- _Source data_
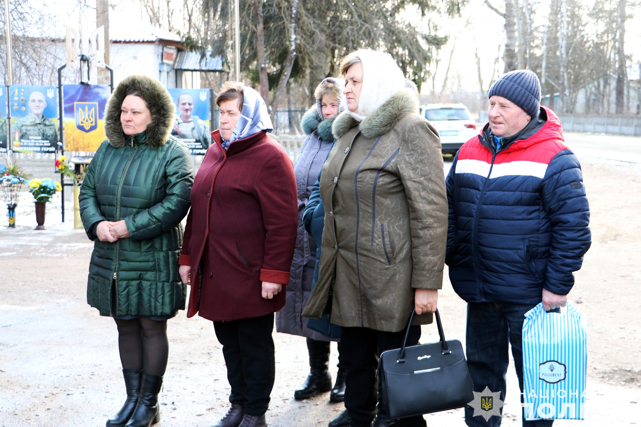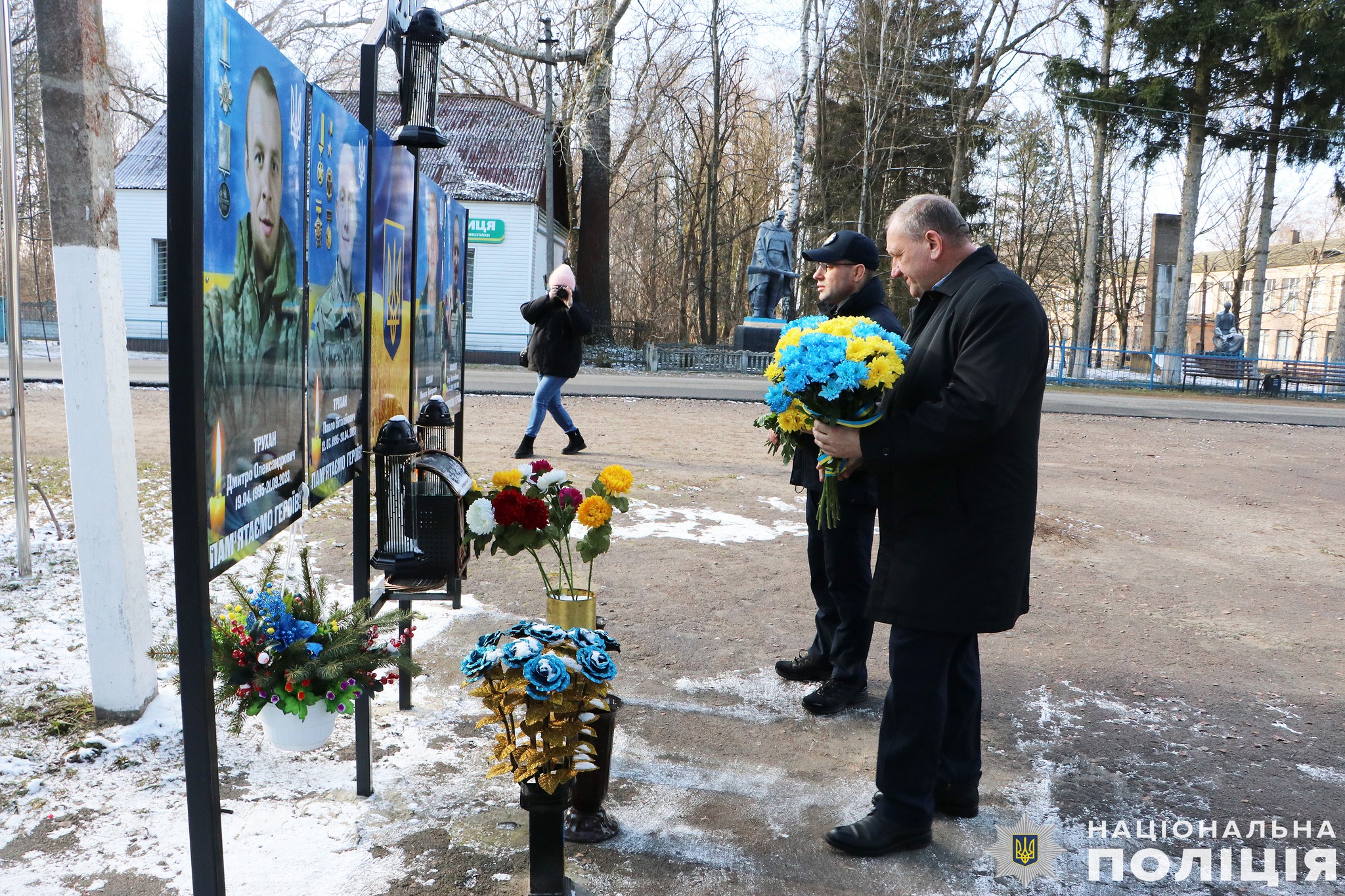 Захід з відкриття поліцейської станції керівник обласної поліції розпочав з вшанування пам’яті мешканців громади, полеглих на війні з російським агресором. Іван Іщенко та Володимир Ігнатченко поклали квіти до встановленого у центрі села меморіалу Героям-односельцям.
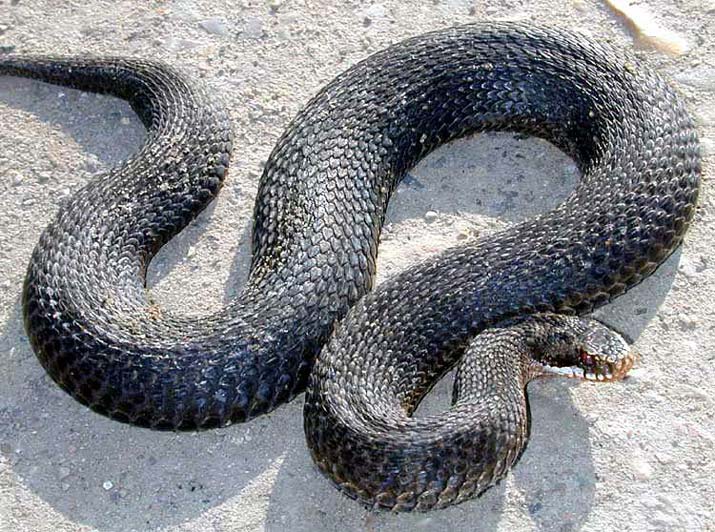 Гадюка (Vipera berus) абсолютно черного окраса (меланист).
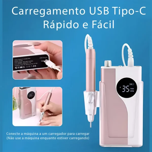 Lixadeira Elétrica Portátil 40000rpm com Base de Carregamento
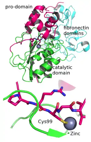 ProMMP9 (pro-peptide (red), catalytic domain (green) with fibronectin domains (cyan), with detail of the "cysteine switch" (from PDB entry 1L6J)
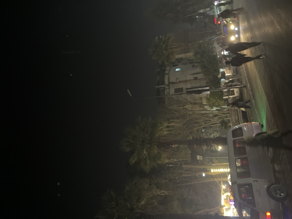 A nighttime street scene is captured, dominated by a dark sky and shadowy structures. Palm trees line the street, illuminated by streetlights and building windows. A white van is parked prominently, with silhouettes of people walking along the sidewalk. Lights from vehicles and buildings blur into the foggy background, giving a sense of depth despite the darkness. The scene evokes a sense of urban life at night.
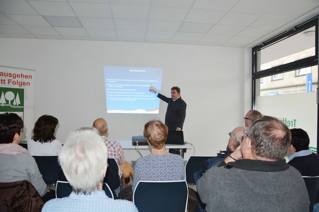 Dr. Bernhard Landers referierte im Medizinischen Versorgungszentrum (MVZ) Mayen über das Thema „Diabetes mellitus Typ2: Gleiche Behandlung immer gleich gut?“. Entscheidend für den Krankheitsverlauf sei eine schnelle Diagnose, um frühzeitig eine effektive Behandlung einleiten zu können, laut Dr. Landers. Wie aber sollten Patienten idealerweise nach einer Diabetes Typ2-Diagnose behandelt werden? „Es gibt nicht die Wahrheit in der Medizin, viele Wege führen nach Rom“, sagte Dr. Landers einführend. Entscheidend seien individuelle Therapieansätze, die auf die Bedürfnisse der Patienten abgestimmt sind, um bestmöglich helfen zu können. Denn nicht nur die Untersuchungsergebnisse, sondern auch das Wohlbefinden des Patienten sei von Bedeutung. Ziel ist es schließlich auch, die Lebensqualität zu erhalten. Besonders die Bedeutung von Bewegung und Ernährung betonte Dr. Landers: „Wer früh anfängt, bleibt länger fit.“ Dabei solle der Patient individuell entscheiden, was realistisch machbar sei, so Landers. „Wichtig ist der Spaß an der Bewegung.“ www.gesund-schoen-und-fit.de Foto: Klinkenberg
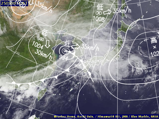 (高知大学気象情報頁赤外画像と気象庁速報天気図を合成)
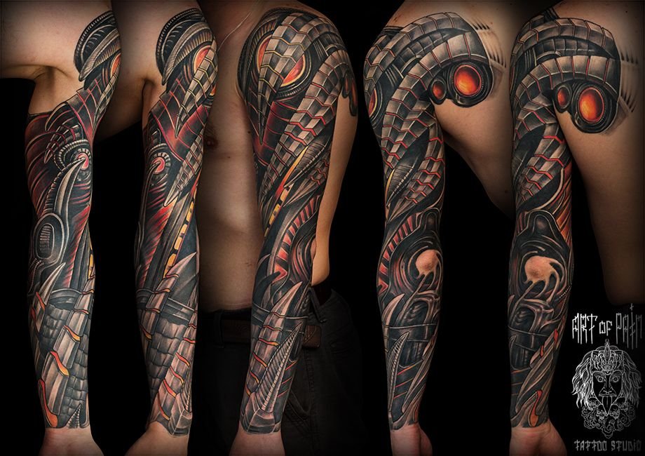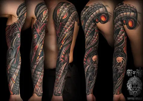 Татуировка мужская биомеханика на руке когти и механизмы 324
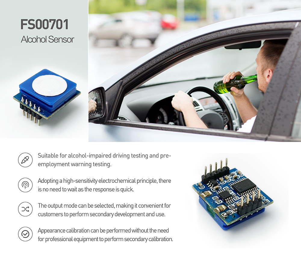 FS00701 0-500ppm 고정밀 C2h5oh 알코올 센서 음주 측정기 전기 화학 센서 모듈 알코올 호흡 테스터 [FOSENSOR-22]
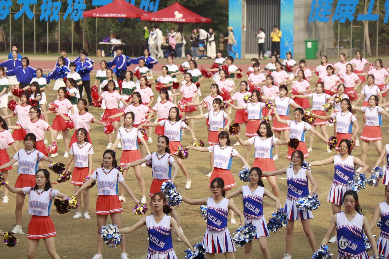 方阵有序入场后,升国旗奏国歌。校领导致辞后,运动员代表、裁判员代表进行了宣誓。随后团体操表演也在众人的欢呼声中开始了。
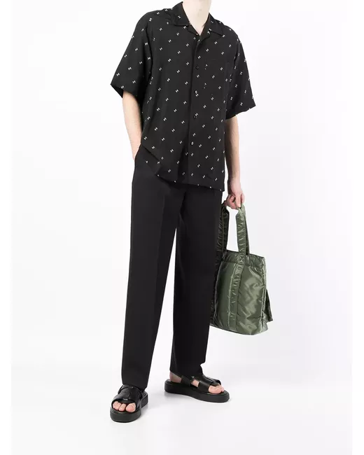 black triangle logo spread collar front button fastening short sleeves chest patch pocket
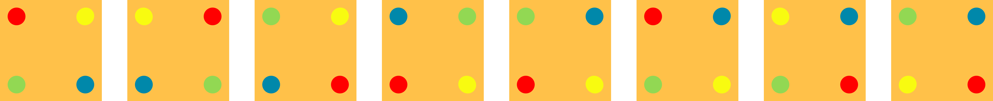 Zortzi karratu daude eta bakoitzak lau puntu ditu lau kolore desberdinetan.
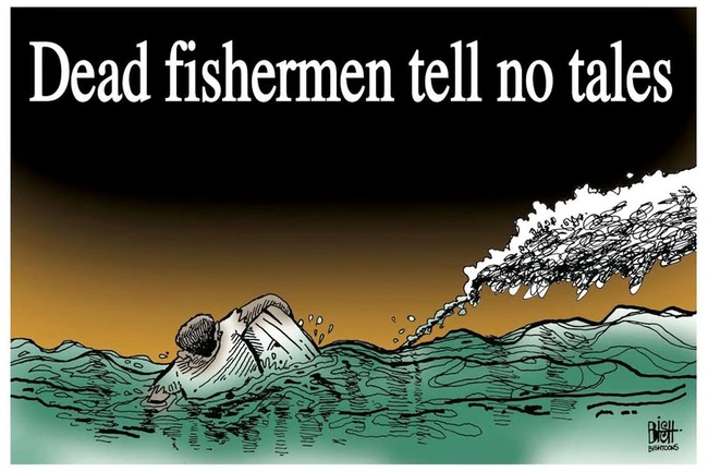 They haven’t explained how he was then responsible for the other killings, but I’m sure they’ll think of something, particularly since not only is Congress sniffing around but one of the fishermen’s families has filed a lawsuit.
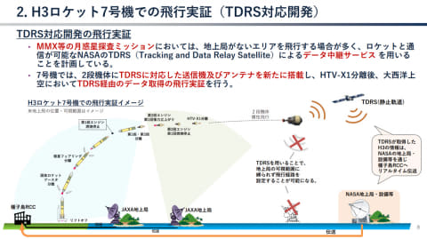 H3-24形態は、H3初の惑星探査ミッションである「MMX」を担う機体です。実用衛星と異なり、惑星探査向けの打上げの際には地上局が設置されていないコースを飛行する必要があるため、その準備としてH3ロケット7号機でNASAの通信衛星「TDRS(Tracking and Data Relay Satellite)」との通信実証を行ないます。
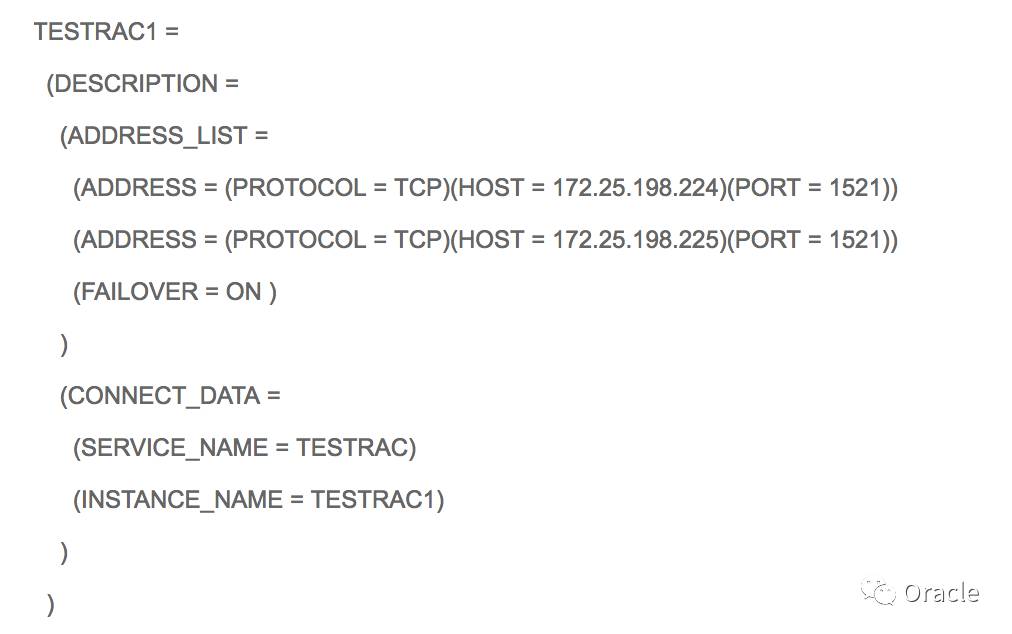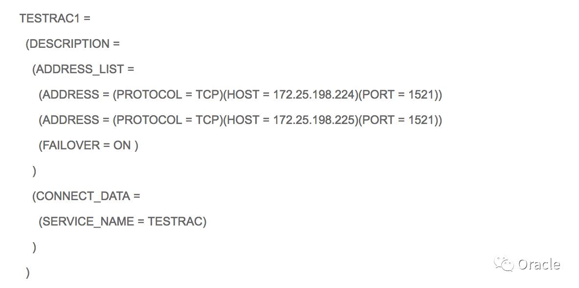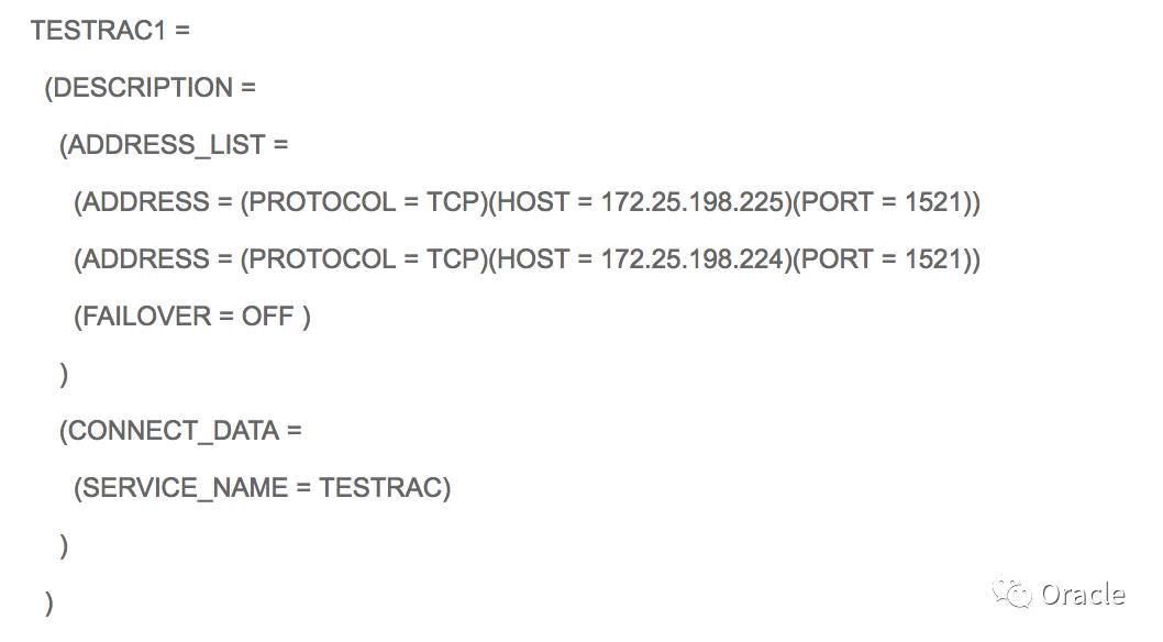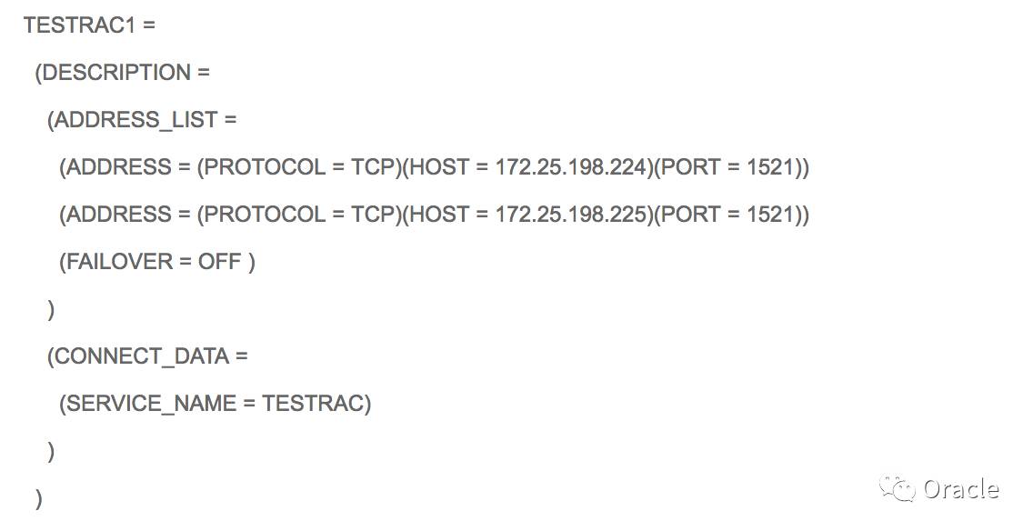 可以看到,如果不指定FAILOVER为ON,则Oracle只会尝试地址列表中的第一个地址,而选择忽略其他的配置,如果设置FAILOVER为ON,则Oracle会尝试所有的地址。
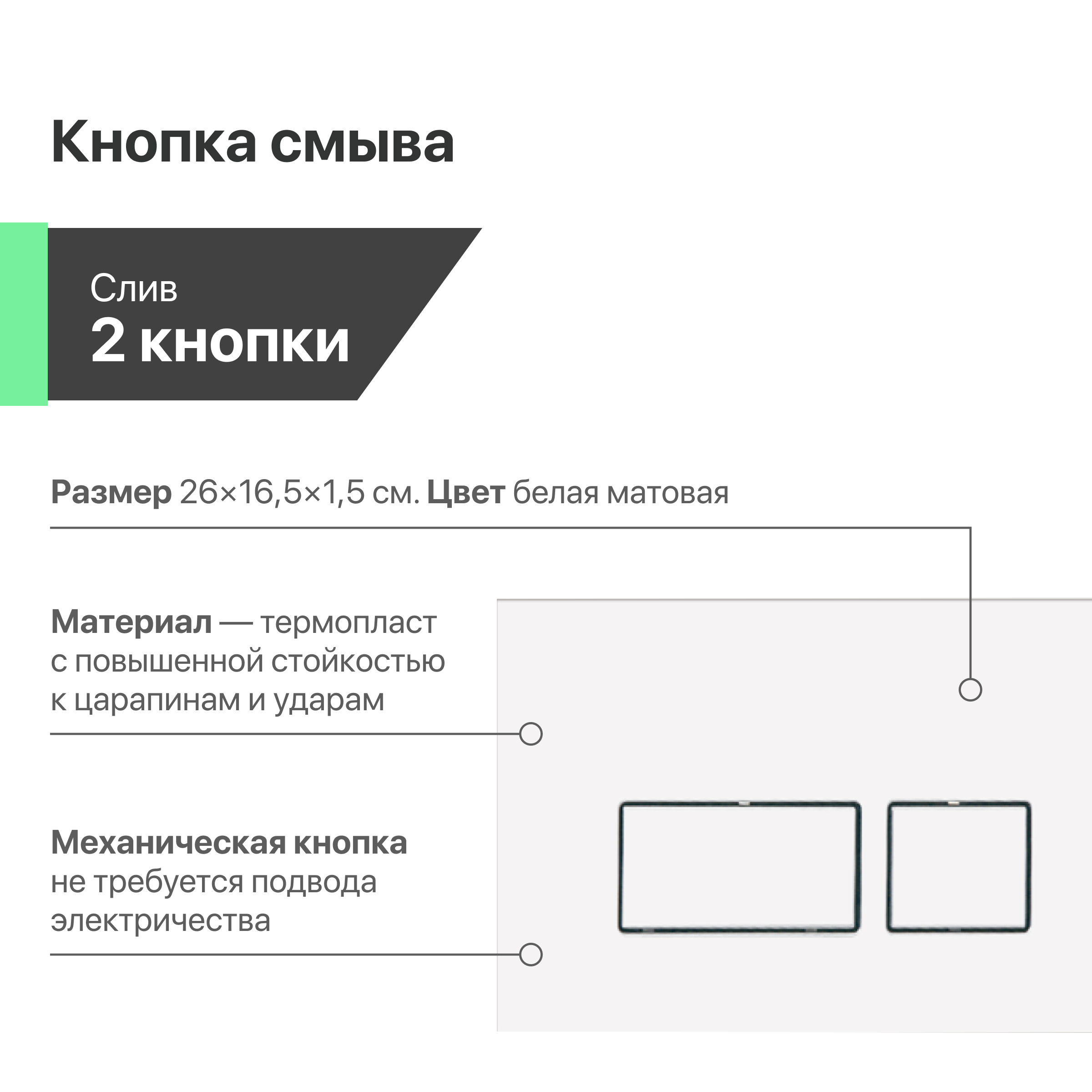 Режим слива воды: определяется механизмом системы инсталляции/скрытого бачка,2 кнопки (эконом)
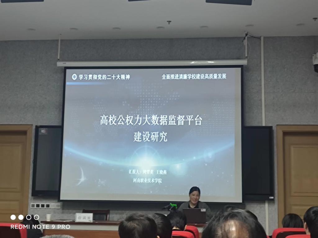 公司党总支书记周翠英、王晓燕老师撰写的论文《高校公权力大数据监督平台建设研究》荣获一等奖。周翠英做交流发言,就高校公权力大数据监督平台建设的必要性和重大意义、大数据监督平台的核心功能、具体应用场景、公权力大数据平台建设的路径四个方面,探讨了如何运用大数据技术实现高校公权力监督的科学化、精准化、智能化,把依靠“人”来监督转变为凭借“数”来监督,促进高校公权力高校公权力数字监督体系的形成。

- _What you have to do_
Reproduce every entry above in full and exactly, though not its pictures.

- _Problem solution_
 Захід з відкриття поліцейської станції керівник обласної поліції розпочав з вшанування пам’яті мешканців громади, полеглих на війні з російським агресором. Іван Іщенко та Володимир Ігнатченко поклали квіти до встановленого у центрі села меморіалу Героям-односельцям.
 Гадюка (Vipera berus) абсолютно черного окраса (меланист).
 Lixadeira Elétrica Portátil 40000rpm com Base de Carregamento
 ProMMP9 (pro-peptide (red), catalytic domain (green) with fibronectin domains (cyan), with detail of the "cysteine switch" (from PDB entry 1L6J)
 A nighttime street scene is captured, dominated by a dark sky and shadowy structures. Palm trees line the street, illuminated by streetlights and building windows. A white van is parked prominently, with silhouettes of people walking along the sidewalk. Lights from vehicles and buildings blur into the foggy background, giving a sense of depth despite the darkness. The scene evokes a sense of urban life at night.
 Dr. Bernhard Landers referierte im Medizinischen Versorgungszentrum (MVZ) Mayen über das Thema „Diabetes mellitus Typ2: Gleiche Behandlung immer gleich gut?“. Entscheidend für den Krankheitsverlauf sei eine schnelle Diagnose, um frühzeitig eine effektive Behandlung einleiten zu können, laut Dr. Landers. Wie aber sollten Patienten idealerweise nach einer Diabetes Typ2-Diagnose behandelt werden? „Es gibt nicht die Wahrheit in der Medizin, viele Wege führen nach Rom“, sagte Dr. Landers einführend. Entscheidend seien individuelle Therapieansätze, die auf die Bedürfnisse der Patienten abgestimmt sind, um bestmöglich helfen zu können. Denn nicht nur die Untersuchungsergebnisse, sondern auch das Wohlbefinden des Patienten sei von Bedeutung. Ziel ist es schließlich auch, die Lebensqualität zu erhalten. Besonders die Bedeutung von Bewegung und Ernährung betonte Dr. Landers: „Wer früh anfängt, bleibt länger fit.“ Dabei solle der Patient individuell entscheiden, was realistisch machbar sei, so Landers. „Wichtig ist der Spaß an der Bewegung.“ www.gesund-schoen-und-fit.de Foto: Klinkenberg
 (高知大学気象情報頁赤外画像と気象庁速報天気図を合成)
 Татуировка мужская биомеханика на руке когти и механизмы 324
 FS00701 0-500ppm 고정밀 C2h5oh 알코올 센서 음주 측정기 전기 화학 센서 모듈 알코올 호흡 테스터 [FOSENSOR-22]
 方阵有序入场后,升国旗奏国歌。校领导致辞后,运动员代表、裁判员代表进行了宣誓。随后团体操表演也在众人的欢呼声中开始了。
 black triangle logo spread collar front button fastening short sleeves chest patch pocket
 Zortzi karratu daude eta bakoitzak lau puntu ditu lau kolore desberdinetan.
 They haven’t explained how he was then responsible for the other killings, but I’m sure they’ll think of something, particularly since not only is Congress sniffing around but one of the fishermen’s families has filed a lawsuit.
 H3-24形態は、H3初の惑星探査ミッションである「MMX」を担う機体です。実用衛星と異なり、惑星探査向けの打上げの際には地上局が設置されていないコースを飛行する必要があるため、その準備としてH3ロケット7号機でNASAの通信衛星「TDRS(Tracking and Data Relay Satellite)」との通信実証を行ないます。
 可以看到,如果不指定FAILOVER为ON,则Oracle只会尝试地址列表中的第一个地址,而选择忽略其他的配置,如果设置FAILOVER为ON,则Oracle会尝试所有的地址。
 Режим слива воды: определяется механизмом системы инсталляции/скрытого бачка,2 кнопки (эконом)
 公司党总支书记周翠英、王晓燕老师撰写的论文《高校公权力大数据监督平台建设研究》荣获一等奖。周翠英做交流发言,就高校公权力大数据监督平台建设的必要性和重大意义、大数据监督平台的核心功能、具体应用场景、公权力大数据平台建设的路径四个方面,探讨了如何运用大数据技术实现高校公权力监督的科学化、精准化、智能化,把依靠“人”来监督转变为凭借“数”来监督,促进高校公权力高校公权力数字监督体系的形成。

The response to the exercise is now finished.